This is the chart of the MSCI All-Country World Equity Index from Investing.com:
The index is a weighted measure of the change in equity shares around the world.
Why note this now? Simply because the index is, you will note, at an all-time high.
We are living in a world where nothing is working, where real markets are in disarray, and we face the risks of fascism in many countries, with some, from the USA onwards, already succumbing. Despite this, equity investing fund managers - probably using your pension fund - have pushed share valuation to this position.
I have three thoughts.
First, this makes no sense.
Second, this could only happen, in my opinion, because they are gambling with other people's (maybe yours) money, to extract a rental reward for themselves in the process.
Third, a crash is inevitable.
You have been warned.
Thanks for reading this post.
You can share this post on social media of your choice by clicking these icons:
There are links to this blog's glossary in the above post that explain technical terms used in it. Follow them for more explanations.
You can subscribe to this blog's daily email here.
And if you would like to support this blog you can, here:
Was at a conf in Bx yesterday: Energy Security or Green revolution: Can the EU have both? Speakers were a combo of the Commission (2) and industry (companies and lobby orgs). Most Euro companies are very very unhappy with high energy costs (Commission response: blather). These costs feed through to ability & willingness to do business (= employ people) in the EU (& by extension UK).
It also feeds through to share prices. I wonder what weight the Index has with respect to countries such as China? which dominates a number of sectors. Perhaps that is what is making everything seem so peachy? One thing for sure, it ain’t in Europe. (& the warning signs are there wrt P/E ratios) At the end of the conf there was a pile-on against the Commission following my question: did anybody believe what the Commission was saying…. apparently not.
Thanks for raising this important issue again. 🙂
There is a limited stock of shares worldwide. There is a constant flow of money into shares as people “invest” (actually save) for their retirement. When more money chases a fixed supply of goods you get inflation, in this case asset price inflation.
Add to this positive feedback. As money flows into equities the price goes up. This makes equities seem like a safe and attractive “investment” (actually gamble), which encourages futher investment.
Increasing equity prices seems plausible even in the current circumstances (where else can the money go?). Equities are, nevertheless a giant Ponzi scheme. At some point they will crash. This will inevitably happen when more money is taken out, as people get older and retire in a no longer growing population. A crash may happen before then. It could happen suddenly (as positive feedback reverses and becomes negative feedback).

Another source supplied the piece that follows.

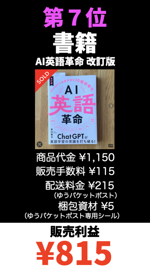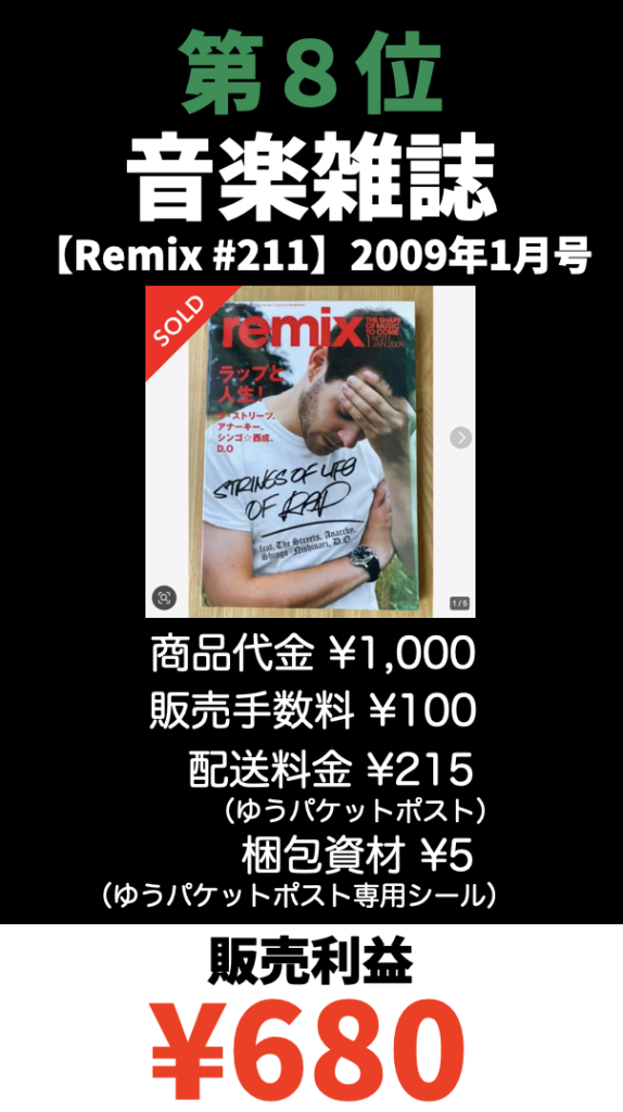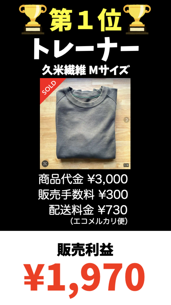 ※利益は商品代金から手数料と配送料を引いた金額です

Equities are not,in general, a good place for retirement savings. The stock of equities increases only slowly because companies extract profits and don’t invest enough. The only good place, the safest place, for pension savings would be with governments, who can best guarantee to pay them. But to do that governments would need to invest these savings in their respective countries (in infrastructure, public services, education and research) to produce growth and increased wealth to pay for pensions when they are needed. Sadly, at present, governments, in thrall to neoliberal ideology, don’t do this.
None of this is new. All has been discussed multiple times in you blogs. But definitely worth rehearsing again. 🙂
Thanks
There was a report recently that Games Workshop was poised to enter the FTSE 100
Now, clearly they do what they do very well but it struck me as slightly odd that a company that makes plastic figures and imagines the hellish universe in which they fight should attract such a valuation or is it that all the companies that should be in the FTSE 100 have been sold abroad or have decided to list abroad?
They really are that big now…
Weird, isn’t it?
My sons were bith massive fans. I didn;t object. They consumed the books and it is edited English. A teenager who reads is always a good thing.
The index is making new highs…. in dollar terms. It says as much about the weak dollar as it does about global economic prospects.
It hadn’t weakened that much….
The Economist last Saturday had a leading article about the risk of another financial crisis. For an establishment paper, that’s brave.
The signs are all there: out of control shadow banking is the worrying one.
What would it take for a crash to occur? trumps farting from one thing to the next over the last few months created a wobble in US shares before rebounding back stronger than ever. German & Chinese and Korean p/e ratios look healthy. European, UK and Japan seem shaky and US and India look off the charts. Housing is also way overpriced. Even covid only temporarily shook the markets. With financial institutions so powerful these days, are we in uncharted waters?
Events, dear boy, events
If any one could accurately predict that they could make a fortune.
Richard and all
https://www.google.com/search?kgmid=%2Fm%2F04yqflz&hl=en-MU&q=Manias%2C%20Panics%2C%20and%20Crashes%3A%20A%20History%20of%20Financial%20Crises&shndl=17&source=sh%2Fx%2Fkp%2Fosrp%2Fm5%2F4&kgs=6d39248e08d549f4
Good book just in case others are interested.